In your proposal (if I understand it correctly), you would provide the software developer with copyright protection for the object code (or the opaque version) of his product only if he also agreed to place the source code (or the transparent version) of his product into escrow with the State. This escrow might be secret, preventing any competitor from viewing the precise implementation of the invention, but would ultimately be released by the State at the termination of the "limited time" monopoly.

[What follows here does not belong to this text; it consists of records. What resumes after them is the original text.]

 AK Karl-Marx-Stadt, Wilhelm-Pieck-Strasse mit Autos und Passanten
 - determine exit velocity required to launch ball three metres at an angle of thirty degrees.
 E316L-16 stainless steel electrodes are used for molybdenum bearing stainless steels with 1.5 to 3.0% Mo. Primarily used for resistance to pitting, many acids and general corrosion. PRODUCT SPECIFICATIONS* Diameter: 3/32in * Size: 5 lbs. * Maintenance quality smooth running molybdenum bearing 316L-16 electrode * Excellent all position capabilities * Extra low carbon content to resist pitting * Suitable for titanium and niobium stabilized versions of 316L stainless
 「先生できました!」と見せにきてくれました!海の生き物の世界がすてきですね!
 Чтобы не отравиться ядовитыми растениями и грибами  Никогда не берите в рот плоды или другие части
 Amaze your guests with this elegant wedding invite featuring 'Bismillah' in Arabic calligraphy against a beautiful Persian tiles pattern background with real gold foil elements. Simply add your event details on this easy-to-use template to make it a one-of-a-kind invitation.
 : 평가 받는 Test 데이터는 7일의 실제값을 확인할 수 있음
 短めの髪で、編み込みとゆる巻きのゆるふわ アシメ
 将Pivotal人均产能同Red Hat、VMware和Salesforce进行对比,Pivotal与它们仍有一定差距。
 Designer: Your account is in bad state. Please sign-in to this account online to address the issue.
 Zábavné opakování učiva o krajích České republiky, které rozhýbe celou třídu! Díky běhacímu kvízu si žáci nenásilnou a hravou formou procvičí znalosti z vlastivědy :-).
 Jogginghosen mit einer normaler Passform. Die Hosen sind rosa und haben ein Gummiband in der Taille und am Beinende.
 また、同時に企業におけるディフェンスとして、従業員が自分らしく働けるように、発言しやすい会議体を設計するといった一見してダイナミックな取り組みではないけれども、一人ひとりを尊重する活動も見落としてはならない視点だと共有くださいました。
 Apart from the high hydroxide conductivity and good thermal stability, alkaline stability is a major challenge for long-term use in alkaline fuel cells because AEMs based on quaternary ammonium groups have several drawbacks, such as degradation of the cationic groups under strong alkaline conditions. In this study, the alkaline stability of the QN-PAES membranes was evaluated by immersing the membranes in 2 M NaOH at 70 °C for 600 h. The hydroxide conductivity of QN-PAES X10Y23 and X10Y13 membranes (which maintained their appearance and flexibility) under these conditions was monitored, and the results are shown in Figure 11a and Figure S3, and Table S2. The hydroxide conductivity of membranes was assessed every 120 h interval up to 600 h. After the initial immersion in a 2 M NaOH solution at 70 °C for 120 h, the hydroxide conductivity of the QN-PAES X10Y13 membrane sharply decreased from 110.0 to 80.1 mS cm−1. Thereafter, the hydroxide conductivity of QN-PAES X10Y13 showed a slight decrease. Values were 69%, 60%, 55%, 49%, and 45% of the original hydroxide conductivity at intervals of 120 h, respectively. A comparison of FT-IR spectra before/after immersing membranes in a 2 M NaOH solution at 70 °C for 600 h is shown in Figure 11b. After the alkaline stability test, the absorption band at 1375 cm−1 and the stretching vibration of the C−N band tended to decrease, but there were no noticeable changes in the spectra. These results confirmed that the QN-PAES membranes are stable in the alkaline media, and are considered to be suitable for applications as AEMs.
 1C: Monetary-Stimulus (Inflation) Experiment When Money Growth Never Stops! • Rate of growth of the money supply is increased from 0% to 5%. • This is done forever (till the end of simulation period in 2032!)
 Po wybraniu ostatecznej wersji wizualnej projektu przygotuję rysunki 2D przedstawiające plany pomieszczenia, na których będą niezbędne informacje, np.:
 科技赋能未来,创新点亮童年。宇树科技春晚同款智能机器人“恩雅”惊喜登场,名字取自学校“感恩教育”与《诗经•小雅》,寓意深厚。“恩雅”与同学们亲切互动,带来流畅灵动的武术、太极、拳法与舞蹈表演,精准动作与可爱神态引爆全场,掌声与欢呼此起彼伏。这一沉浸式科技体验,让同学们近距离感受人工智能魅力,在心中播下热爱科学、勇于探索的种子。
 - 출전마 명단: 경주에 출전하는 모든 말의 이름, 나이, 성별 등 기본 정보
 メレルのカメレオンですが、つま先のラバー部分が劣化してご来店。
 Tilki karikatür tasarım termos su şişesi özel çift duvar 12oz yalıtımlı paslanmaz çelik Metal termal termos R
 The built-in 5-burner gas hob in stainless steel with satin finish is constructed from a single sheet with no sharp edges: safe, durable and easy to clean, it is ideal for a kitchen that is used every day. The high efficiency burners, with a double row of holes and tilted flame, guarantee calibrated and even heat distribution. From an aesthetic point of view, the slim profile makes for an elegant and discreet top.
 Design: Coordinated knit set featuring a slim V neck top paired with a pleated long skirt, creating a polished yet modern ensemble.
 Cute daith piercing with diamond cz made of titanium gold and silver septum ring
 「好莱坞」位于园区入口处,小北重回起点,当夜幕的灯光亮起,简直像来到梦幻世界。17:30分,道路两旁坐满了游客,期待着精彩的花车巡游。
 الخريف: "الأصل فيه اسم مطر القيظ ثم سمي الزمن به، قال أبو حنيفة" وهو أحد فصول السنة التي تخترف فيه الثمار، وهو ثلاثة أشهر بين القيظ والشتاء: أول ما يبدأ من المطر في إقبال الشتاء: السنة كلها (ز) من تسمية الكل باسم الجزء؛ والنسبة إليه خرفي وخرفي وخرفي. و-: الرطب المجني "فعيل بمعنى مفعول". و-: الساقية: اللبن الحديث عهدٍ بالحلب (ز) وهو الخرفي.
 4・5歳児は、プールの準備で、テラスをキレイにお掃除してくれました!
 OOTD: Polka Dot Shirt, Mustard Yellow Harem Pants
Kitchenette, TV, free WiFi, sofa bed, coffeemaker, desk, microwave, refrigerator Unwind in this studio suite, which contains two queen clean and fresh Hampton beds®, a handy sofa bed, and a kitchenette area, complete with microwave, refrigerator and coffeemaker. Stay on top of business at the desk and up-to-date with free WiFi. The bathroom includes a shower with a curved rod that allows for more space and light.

Thus software (and other copyrighted "opaque" inventions?) would only be treated as property, and accorded any protection from theft, if the transparent version of the invention was held by the State and released at some time in the future. Thus the inventor of opaque IP would be compelled to divulge the "secret sauce" of his invention and would never be accorded the same choice between some value offered by the state (a "limited time" monopoly in the case of patents) vs. the ability to do business without such a monopoly (a "trade secret" with the possibility that the secret sauce would be reverse engineered). Furthermore, as software is infinitely duplicable for nominal cost, the inventor would have all value in his invention stripped from him by the State at the end of the "limited time" of protection, as the State would become the distributor of his invention. The corollary with a physical product would be for the State to give everyone a free cotton gin when Eli Whitney's patent ran out.

It seems to me that for your proposal to work, the opaque version of the invention should still receive copyright protection, while the inventor would receive some additional incentive for disclosure of the transparent version. One suggestion as an example -- perhaps government funds could only be spent on software that had been submitted to the secret limited time escrow scheme. Thus, I could chose to keep my software secret, but would then not be able to sell to the government.

If opaque creativity does not receive the same protection as transparent creativity it seems to me that we will be creating an enormous problem in determining just what is an opaque creation, and what is a transparent one. The other example in my earlier note is an interesting one -- should the romance novels generated by an automatic novel writing software receive copyright protection if I do not submit my software to the escrow plan? What about special effects in movies -- should Pixar be required to escrow their animation software for Toy Story to recieve copyright protection? How about the musician that programs a sound into a synthesizer -- should the musician be compelled to escrow the specifics of this wave form in order to receive protection for the song?

I do not disagree with the idea of an extension to existing copyright and patent law which would create an incentive for inventors to disclose their means of production, and I see your argument that this is a logical extension of the State's objectives in promoting the "Progress of Science." However, I believe that such an extension should be done in a form which offers an incentive for participation and does not become a compulsion for the inventor.